Children with progeria usually have a characteristic appearance due to progerin's toxic effects on connective tissue and bone growth. They usually have visible scalp veins, a large forehead, prominent eyes and a beak-shaped nose, along with a small jawbone that is positioned further back than usual. The scalp is usually hairless, and skin has an aged-looking appearance. They can have delayed tooth eruption and crowded or misaligned teeth due to the smaller jaw.
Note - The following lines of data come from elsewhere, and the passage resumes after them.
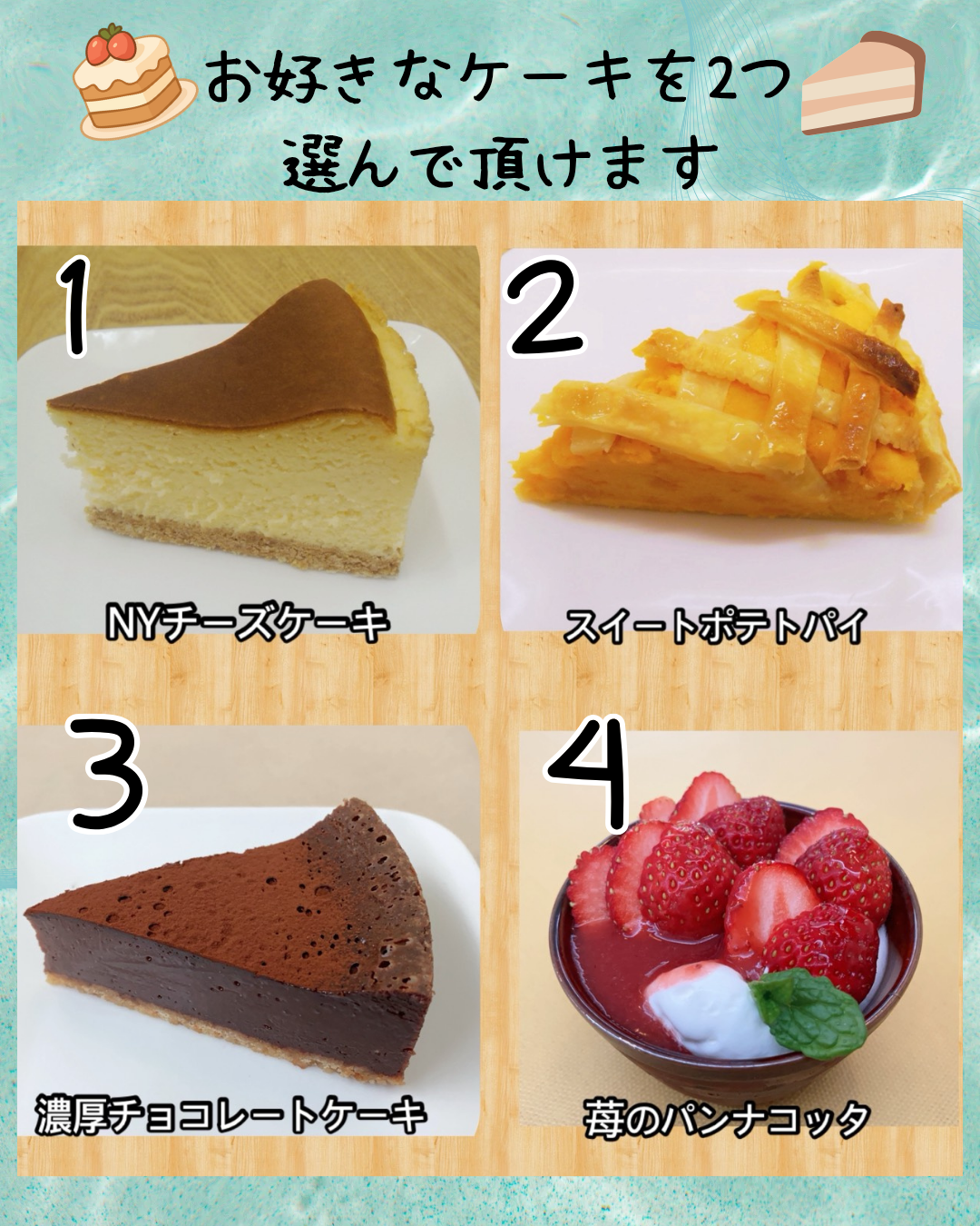 今回は写真の4種類のケーキからお好きなものを2種類事前に選んで頂きます。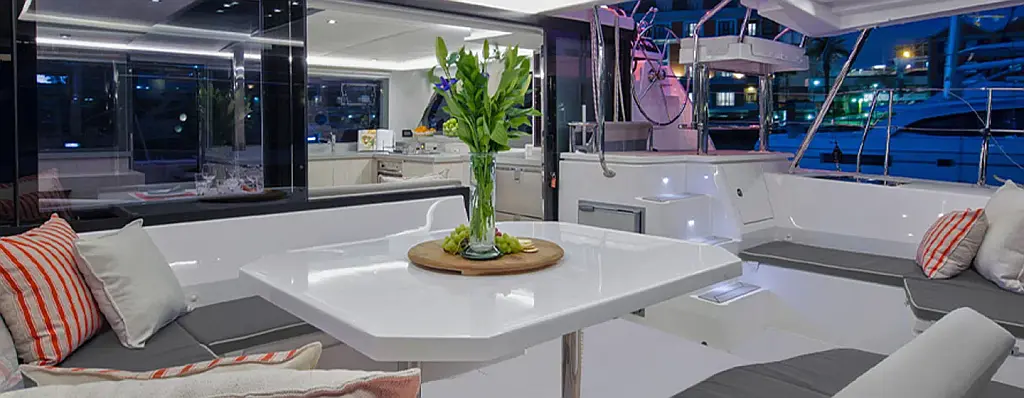 Refrigerator, Bimini, Air condition, Cockpit speakers, Cockpit cushions, Generator, Solar Panels, Electric toilet, Water maker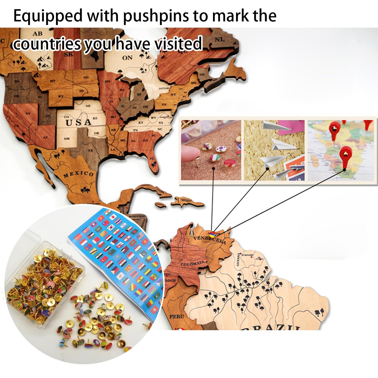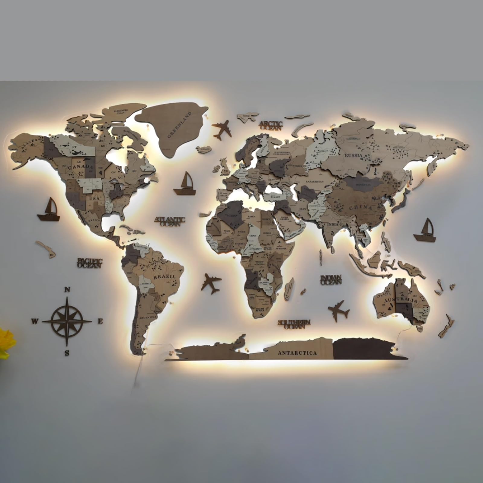 - Creative art design: The wooden airplanes, ships and compass decorations are carefully carved and integrated into the world map. They are exquisite wall decorations during the day, and the LED lights are turned on at night, turning them into lifelike works of art.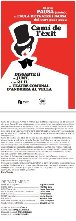 A càrrec del grup PAUSA (adults) de l'Aula de Teatre del Comú d'Andorra la Vella.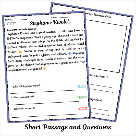 Stephanie Kwolek | Short Reading Comprehension Creative Worksheet

In terms of growth and development, children with progeria tend to have poor weight gain throughout infancy regardless of adequate nutrition and intake. This results in a short stature and little to no subcutaneous fat and reduced muscle mass. Additionally, many children with progeria have hip dysplasia or dislocations, which affect how their legs align. They also develop joint contractures, meaning the joints become stiff and can't fully extend. These changes force them to adopt a compensatory posture to stay balanced and mobile typically referred to as “horse-riding stance.”
Regardless of the musculoskeletal anomalies, children with progeria typically have normal motor skills and cognitive development during the first years of life, and intelligence is usually not affected. Even though progerin doesn’t directly affect the brain, strokes are common due to cardiovascular disease.
In fact, the cardiovascular system is the most serious and life-limiting aspect of progeria. The accumulation of damaged cells contributes to chronic inflammation and especially damage to blood vessels, leading to early-onset atherosclerosis. This results in increased risk of hypertension, heart attacks, and stroke. Many children with progeria die from heart disease, usually between the ages of 13 and 15.